───── Task inputs ─────

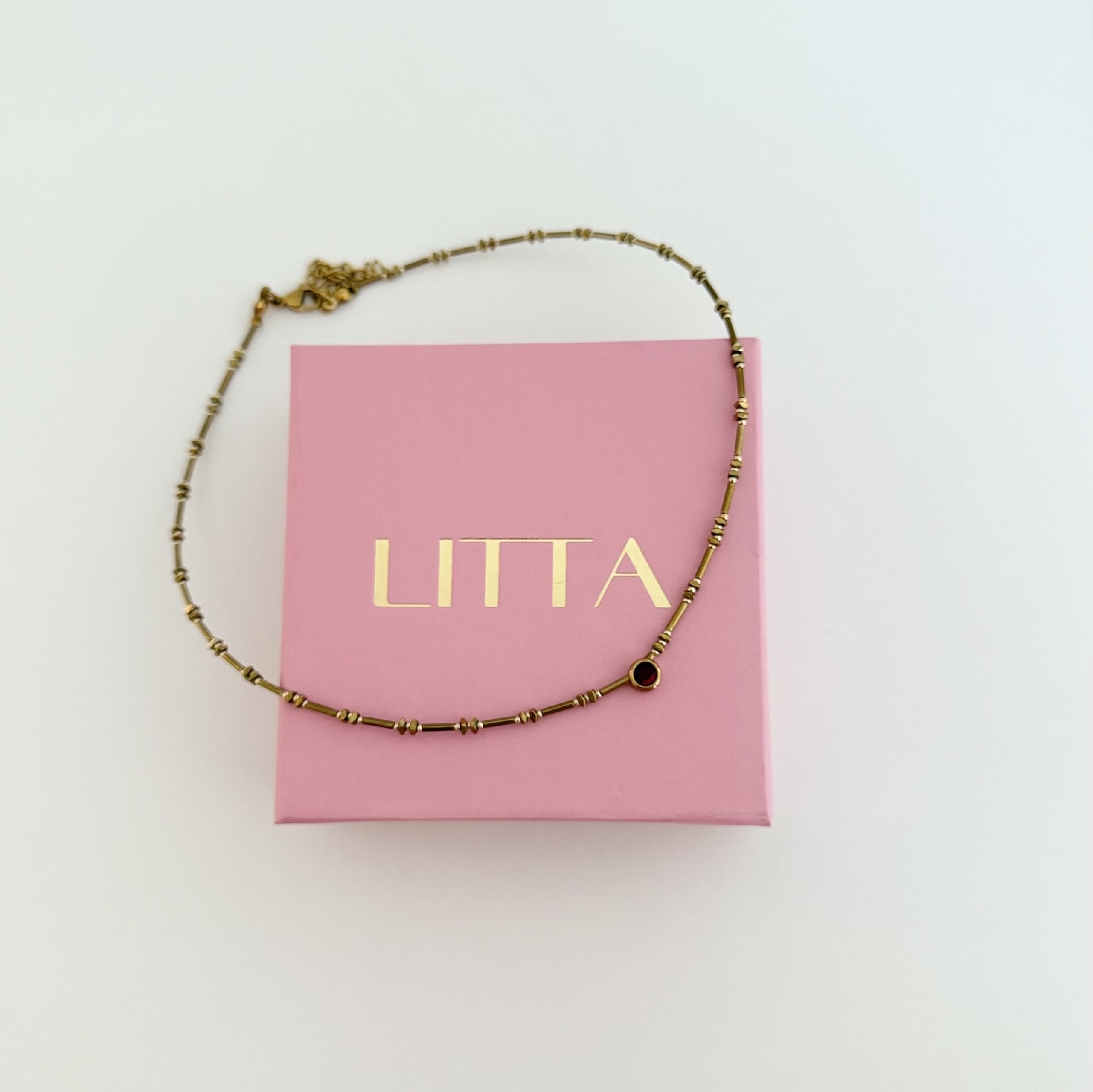 U centru se nalazi privezak sa cirkonom u intenzivnoj crvenoj boji, koji unosi dozu luksuza i topline u dizajn. Ova ogrlica savršeno balansira između minimalizma i efektnog detalja, čineći je idealnom izborom kako za svakodnevne, tako i za večernje kombinacije. Materijal: hematit Dužina: 38cm + 5cm Izrada: ručni rad Ogrlica dolazi u brendiranoj poklon kutiji.
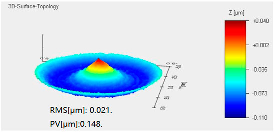 (2) Reducing the processing error of the rotating paraboloid is the basic requirement to ensure the accuracy of the system. At the same time, it is necessary to keep the surface of the rotating paraboloid clean. The surface profile of the rotating paraboloid in the experiment was measured by an optical 3D surface profiler and the testing result is shown in Figure 18. From Figure 18, we can see that the root mean square (RMS) of the surface was 0.021 μm and the value of peak value (PV) was 0.148 μm, which confirmed the manufacturing accuracy of the rotating paraboloid. In particular, a laser with low power (about 5 mW) should be selected and a laboratory environment with controlled temperature and humidity to protect the rotating paraboloid from damage should be used.
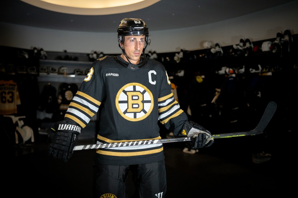 Brad Marchand, 27th captain of in franchise history, modeling the new home uniform for the 2023-24 “Centennial Season” of Bruins hockey. Photo courtesy Boston Bruins
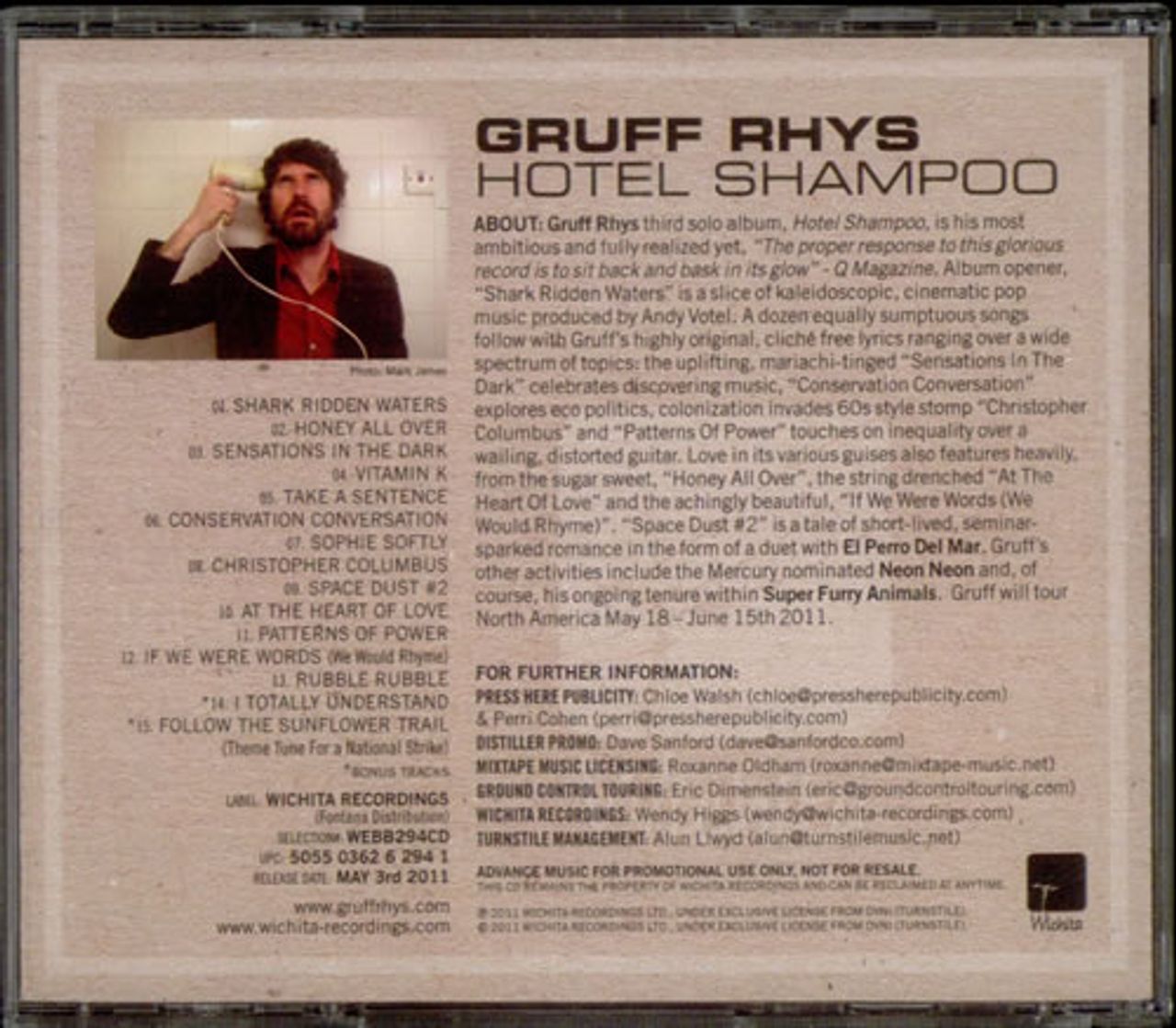 GRUFF RHYS Hotel Shampoo (2011 US 13-track promotional CD of his
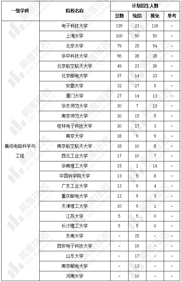 2024年各院校交叉学科计划招生总人数达1200人(不含设计学一级学科、文物专业学位类别招生人数),其中集成电路科学与工程一级学科计划招生818人,占比达68%。
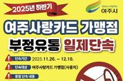 (포탈뉴스통신) 여주시는 지역화폐인 여주사랑카드의 부정유통 근절을 위해 지난 11월 26일부터 오는 12월 10일까지 집중 단속에 나선다고 밝혔다. 주요 단속 대상은 ▲ 물품의 판매 또는 용역의 제공 없이 지역화폐를 수취·환전하는 행위 ▲ 실제 매출금액 이상의 거래를 통하여 지역화폐를 수취·환전하는 행위 ▲ 가맹점이 등록 제한업종을 영위하는 경우 ▲결제를 거부하거나 다른 결제 수단에 비해 불리하게 대우하는 행위 ▲기타 단속이 필요성이 있다고 인정되는 경우 등이다. 이번 일제 단속은 가맹점 데이터 목록을 참고 및 주민 신고 등을 토대로 의심되는 현장을 방문해 확인하는 방식으로 진행된다. 여주시 일자리경제과 관계자는 “지역화폐 제도의 지속가능성, 신뢰성을 확보하고 지역 자금의 역외유출 방지를 위해서는 여주사랑카드 사용자와 가맹점주 모두 함께 힘을 합쳐야 건전한 유통 문화를 만들어갈 수 있다”협조를 당부했다. 부정유통 적발 시 여주사랑카드 가맹점 등록취소, 관계 법령에 따라 최대 2,000만원 이하의 과태료가 부과될 수 있으며, 위반행위 조사를 거부·방해 또는 기피하는 경우에도 최대 500만원 이하의 과
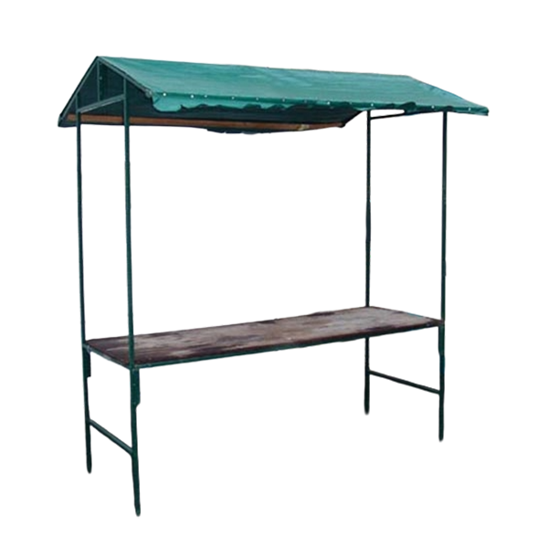 De marktkramen zijn demontabel en leverbaar met een blauw/wit, groen.
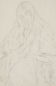 Nicolas STERNBERG (1901-c1960) Jeune femme la main dans les cheveux, 1953 Dessin au crayon. Signé et daté en bas à droite. 47 x 31.5 cm
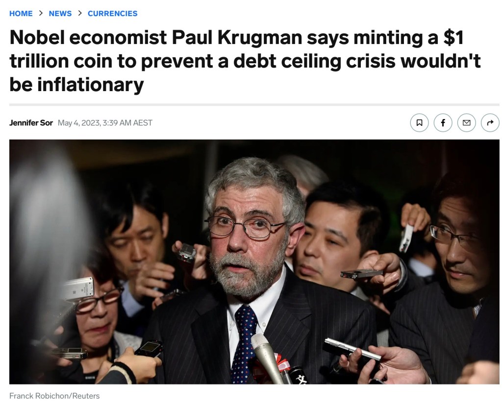 Krugman is getting more weird the older he gets. To my mind, if this would work for a 1 trillion coin, why be so stingy and mint only 1? Why not mint a 10 trillion coin and really get serious about withdrawing funds from the Fed and splash them all around? The Dems would have have invented magic money. Krugman doesn’t like to be challenged in public. He goes red in the face and blusters then accuses his interlocutors of not understanding economics. Consequently he severely limits public stage debates and sticks to friendly outlets such as the New York Times. On Twitter, he seems to write garbage and just ignore genuine counterpoints.

─────

* [Work item]:
The answer is the lines above from the one with "Brad Marchand, 27th" to the one with "2024年各院校交叉学科计划", set down exactly, with no pictures.

* [Reply to the task]:
 Brad Marchand, 27th captain of in franchise history, modeling the new home uniform for the 2023-24 “Centennial Season” of Bruins hockey. Photo courtesy Boston Bruins
 GRUFF RHYS Hotel Shampoo (2011 US 13-track promotional CD of his
 2024年各院校交叉学科计划招生总人数达1200人(不含设计学一级学科、文物专业学位类别招生人数),其中集成电路科学与工程一级学科计划招生818人,占比达68%。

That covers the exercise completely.